• **Problem description**: Below is a listing; retype exactly the line with "ntv, Mai 2025" and every line after it through the end, and only those, leaving out the pictures.
..............................
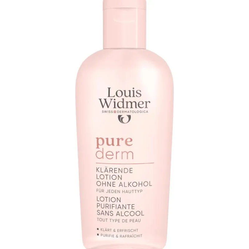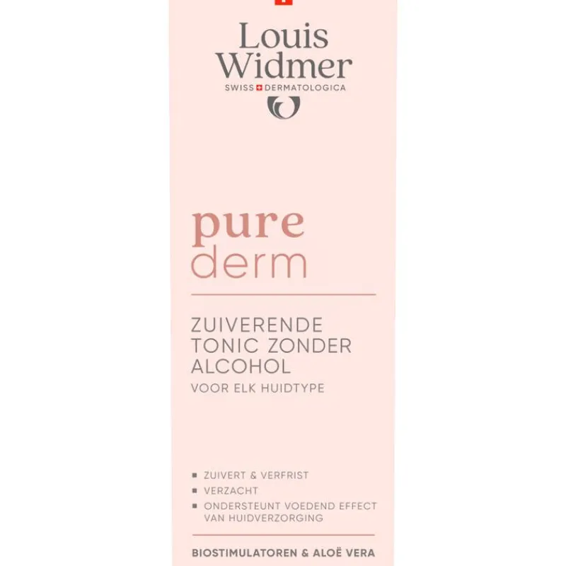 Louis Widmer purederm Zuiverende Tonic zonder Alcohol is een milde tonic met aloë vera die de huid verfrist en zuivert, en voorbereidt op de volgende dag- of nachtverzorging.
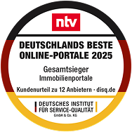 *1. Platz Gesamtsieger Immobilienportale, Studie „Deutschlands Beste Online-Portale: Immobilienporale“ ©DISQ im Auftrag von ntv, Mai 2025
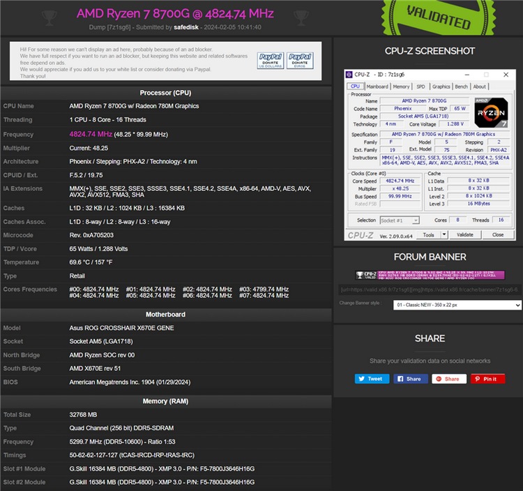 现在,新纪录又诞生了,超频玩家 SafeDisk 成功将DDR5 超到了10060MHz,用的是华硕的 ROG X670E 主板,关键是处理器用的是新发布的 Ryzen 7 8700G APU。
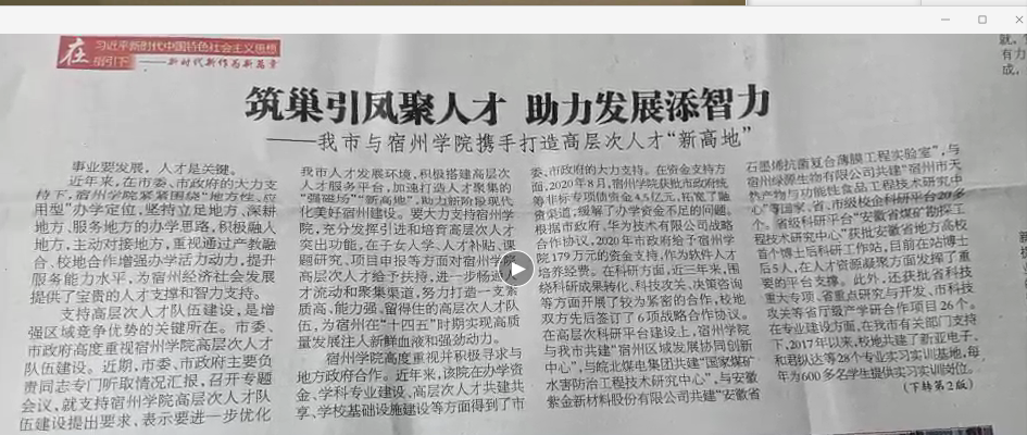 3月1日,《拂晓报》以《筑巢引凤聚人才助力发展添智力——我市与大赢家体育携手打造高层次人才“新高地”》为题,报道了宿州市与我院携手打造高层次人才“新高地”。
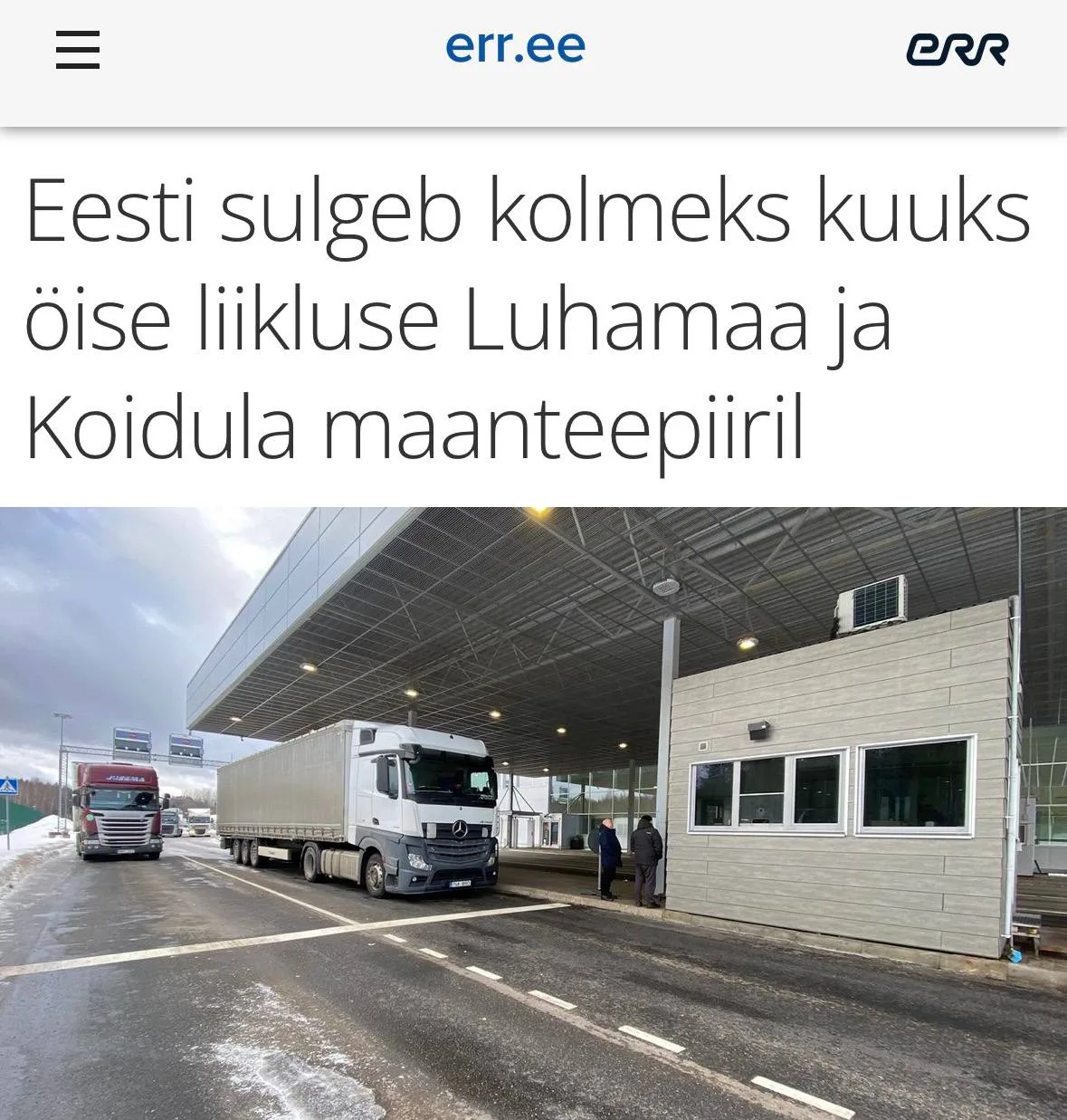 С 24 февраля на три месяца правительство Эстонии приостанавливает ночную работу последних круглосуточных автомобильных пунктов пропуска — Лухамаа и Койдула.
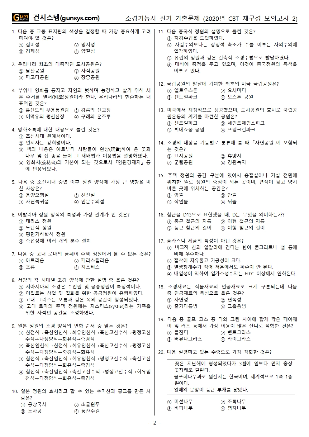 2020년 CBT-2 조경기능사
..............................
• **Answer**:
 *1. Platz Gesamtsieger Immobilienportale, Studie „Deutschlands Beste Online-Portale: Immobilienporale“ ©DISQ im Auftrag von ntv, Mai 2025
 现在,新纪录又诞生了,超频玩家 SafeDisk 成功将DDR5 超到了10060MHz,用的是华硕的 ROG X670E 主板,关键是处理器用的是新发布的 Ryzen 7 8700G APU。
 3月1日,《拂晓报》以《筑巢引凤聚人才助力发展添智力——我市与大赢家体育携手打造高层次人才“新高地”》为题,报道了宿州市与我院携手打造高层次人才“新高地”。
 С 24 февраля на три месяца правительство Эстонии приостанавливает ночную работу последних круглосуточных автомобильных пунктов пропуска — Лухамаа и Койдула.
 2020년 CBT-2 조경기능사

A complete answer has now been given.